In the data below, find the line with "NZGBs closed 4-6bps" and the line with "- 특히 pre-training", then restate both and every line between them exactly, minus the pictures.

◆ Data for the task
Content starts
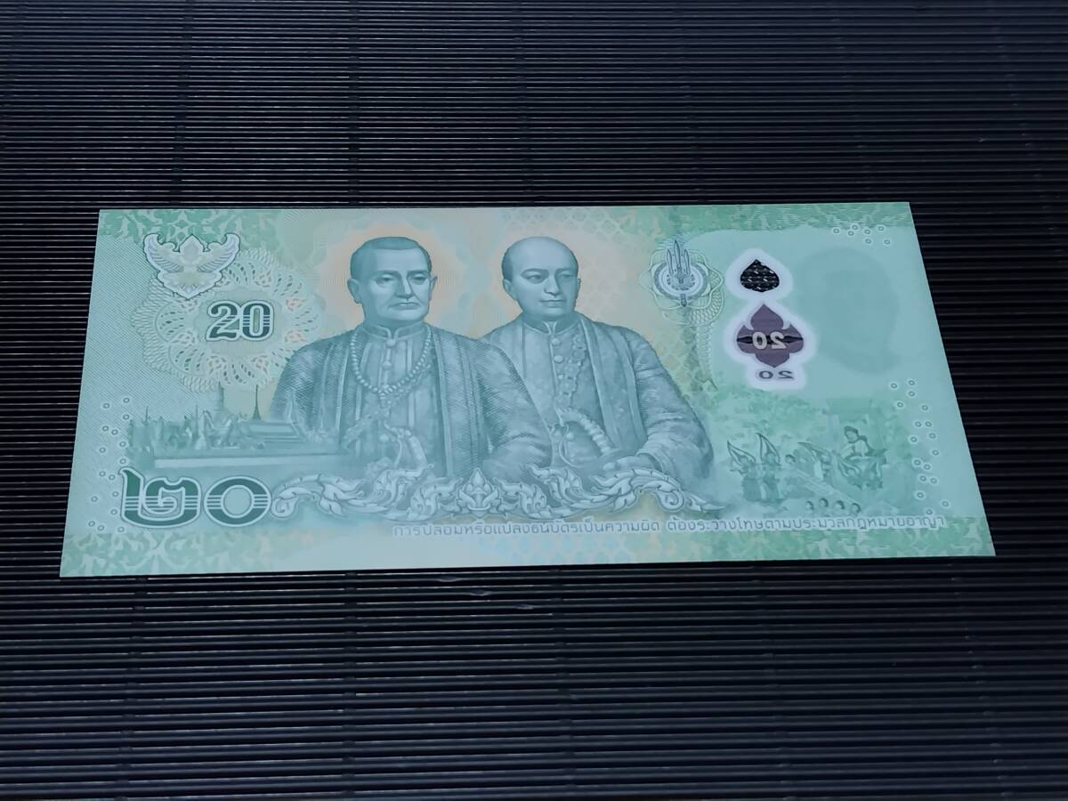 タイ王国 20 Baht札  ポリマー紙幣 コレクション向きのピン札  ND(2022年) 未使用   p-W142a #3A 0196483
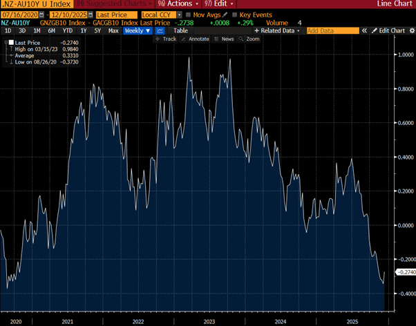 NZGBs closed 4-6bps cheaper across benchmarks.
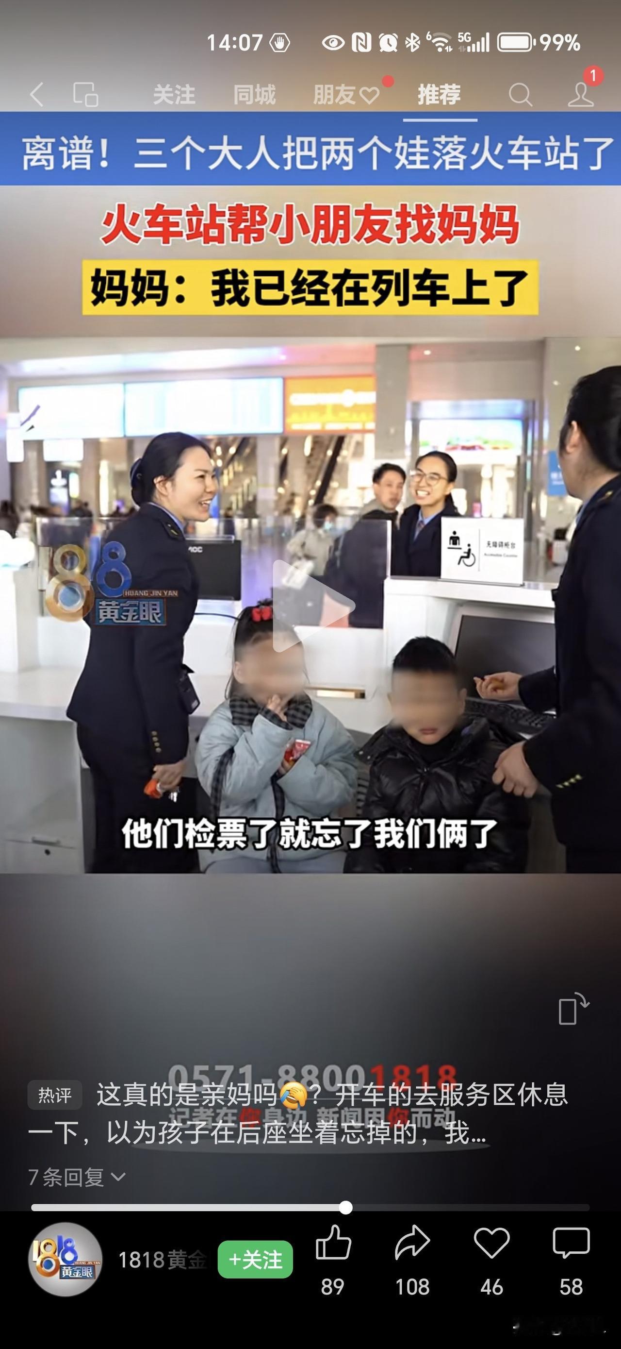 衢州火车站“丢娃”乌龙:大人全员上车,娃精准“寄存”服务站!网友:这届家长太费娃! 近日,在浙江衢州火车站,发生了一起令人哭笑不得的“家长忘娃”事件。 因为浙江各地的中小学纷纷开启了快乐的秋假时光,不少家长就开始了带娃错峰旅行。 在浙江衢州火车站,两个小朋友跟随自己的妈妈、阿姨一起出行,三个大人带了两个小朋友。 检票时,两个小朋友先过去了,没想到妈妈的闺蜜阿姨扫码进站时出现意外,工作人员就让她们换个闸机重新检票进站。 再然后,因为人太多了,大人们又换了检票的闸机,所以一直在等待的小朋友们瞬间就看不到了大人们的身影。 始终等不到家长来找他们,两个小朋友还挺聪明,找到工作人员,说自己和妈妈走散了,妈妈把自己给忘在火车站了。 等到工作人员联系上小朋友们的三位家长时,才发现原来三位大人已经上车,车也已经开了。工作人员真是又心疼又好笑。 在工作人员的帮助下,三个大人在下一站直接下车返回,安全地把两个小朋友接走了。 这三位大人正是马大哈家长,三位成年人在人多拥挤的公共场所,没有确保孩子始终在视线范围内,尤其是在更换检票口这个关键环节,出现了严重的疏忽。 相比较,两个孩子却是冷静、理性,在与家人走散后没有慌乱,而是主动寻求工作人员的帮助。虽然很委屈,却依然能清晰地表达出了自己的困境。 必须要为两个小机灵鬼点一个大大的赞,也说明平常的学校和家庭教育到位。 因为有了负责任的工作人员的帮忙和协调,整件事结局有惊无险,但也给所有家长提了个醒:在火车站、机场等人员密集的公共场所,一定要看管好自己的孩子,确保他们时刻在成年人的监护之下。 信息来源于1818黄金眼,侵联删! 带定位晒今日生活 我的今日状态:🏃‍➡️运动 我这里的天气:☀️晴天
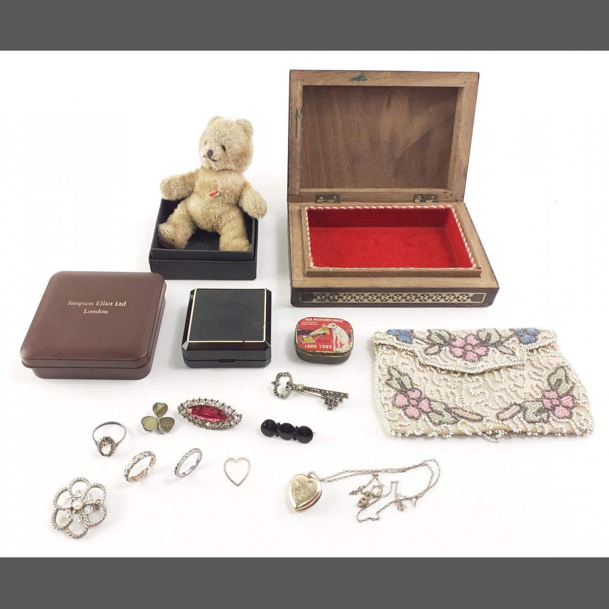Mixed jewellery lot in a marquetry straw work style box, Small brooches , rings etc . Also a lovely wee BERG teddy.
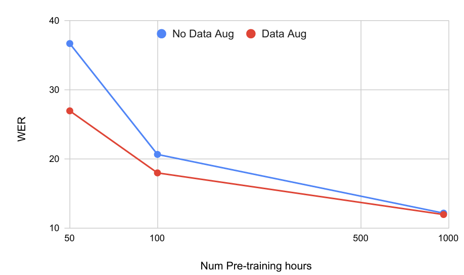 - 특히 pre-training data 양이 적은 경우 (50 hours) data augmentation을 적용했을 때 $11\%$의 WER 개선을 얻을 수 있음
Content ends
Content starts
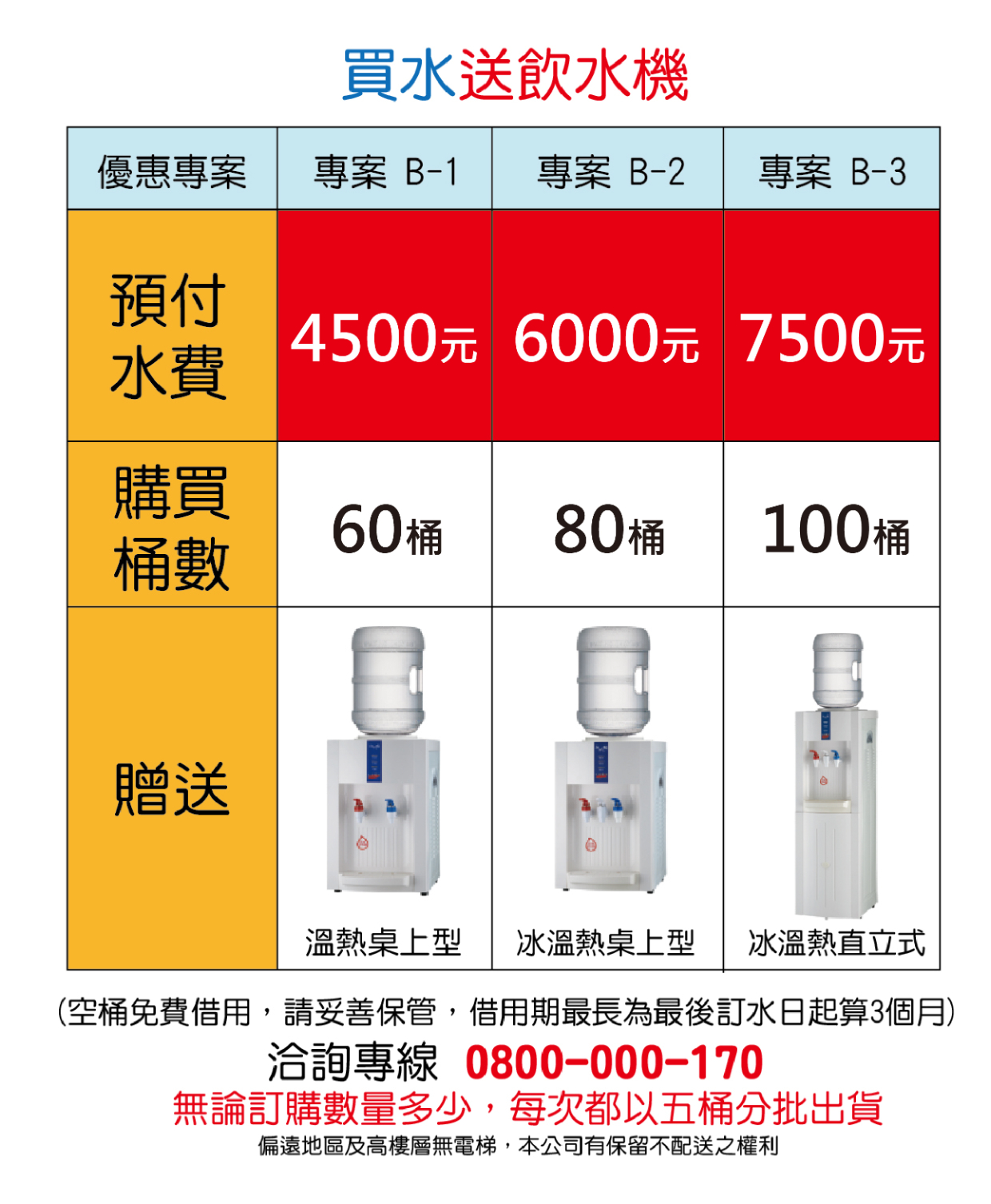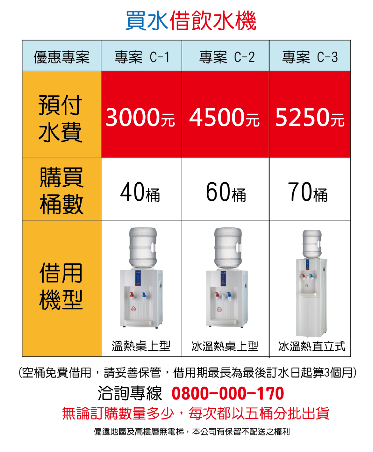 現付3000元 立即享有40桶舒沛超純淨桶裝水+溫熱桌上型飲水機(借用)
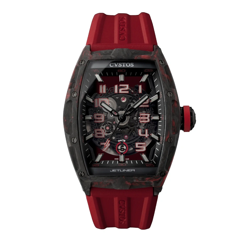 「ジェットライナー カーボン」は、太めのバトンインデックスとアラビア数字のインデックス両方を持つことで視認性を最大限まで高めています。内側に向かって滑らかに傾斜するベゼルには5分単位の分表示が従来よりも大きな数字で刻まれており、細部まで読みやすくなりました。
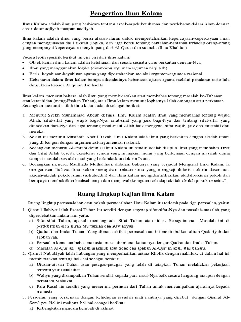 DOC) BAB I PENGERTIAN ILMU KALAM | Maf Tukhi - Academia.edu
Content ends
◆ Answer box
 NZGBs closed 4-6bps cheaper across benchmarks.
 衢州火车站“丢娃”乌龙:大人全员上车,娃精准“寄存”服务站!网友:这届家长太费娃! 近日,在浙江衢州火车站,发生了一起令人哭笑不得的“家长忘娃”事件。 因为浙江各地的中小学纷纷开启了快乐的秋假时光,不少家长就开始了带娃错峰旅行。 在浙江衢州火车站,两个小朋友跟随自己的妈妈、阿姨一起出行,三个大人带了两个小朋友。 检票时,两个小朋友先过去了,没想到妈妈的闺蜜阿姨扫码进站时出现意外,工作人员就让她们换个闸机重新检票进站。 再然后,因为人太多了,大人们又换了检票的闸机,所以一直在等待的小朋友们瞬间就看不到了大人们的身影。 始终等不到家长来找他们,两个小朋友还挺聪明,找到工作人员,说自己和妈妈走散了,妈妈把自己给忘在火车站了。 等到工作人员联系上小朋友们的三位家长时,才发现原来三位大人已经上车,车也已经开了。工作人员真是又心疼又好笑。 在工作人员的帮助下,三个大人在下一站直接下车返回,安全地把两个小朋友接走了。 这三位大人正是马大哈家长,三位成年人在人多拥挤的公共场所,没有确保孩子始终在视线范围内,尤其是在更换检票口这个关键环节,出现了严重的疏忽。 相比较,两个孩子却是冷静、理性,在与家人走散后没有慌乱,而是主动寻求工作人员的帮助。虽然很委屈,却依然能清晰地表达出了自己的困境。 必须要为两个小机灵鬼点一个大大的赞,也说明平常的学校和家庭教育到位。 因为有了负责任的工作人员的帮忙和协调,整件事结局有惊无险,但也给所有家长提了个醒:在火车站、机场等人员密集的公共场所,一定要看管好自己的孩子,确保他们时刻在成年人的监护之下。 信息来源于1818黄金眼,侵联删! 带定位晒今日生活 我的今日状态:🏃‍➡️运动 我这里的天气:☀️晴天
Mixed jewellery lot in a marquetry straw work style box, Small brooches , rings etc . Also a lovely wee BERG teddy.
 - 특히 pre-training data 양이 적은 경우 (50 hours) data augmentation을 적용했을 때 $11\%$의 WER 개선을 얻을 수 있음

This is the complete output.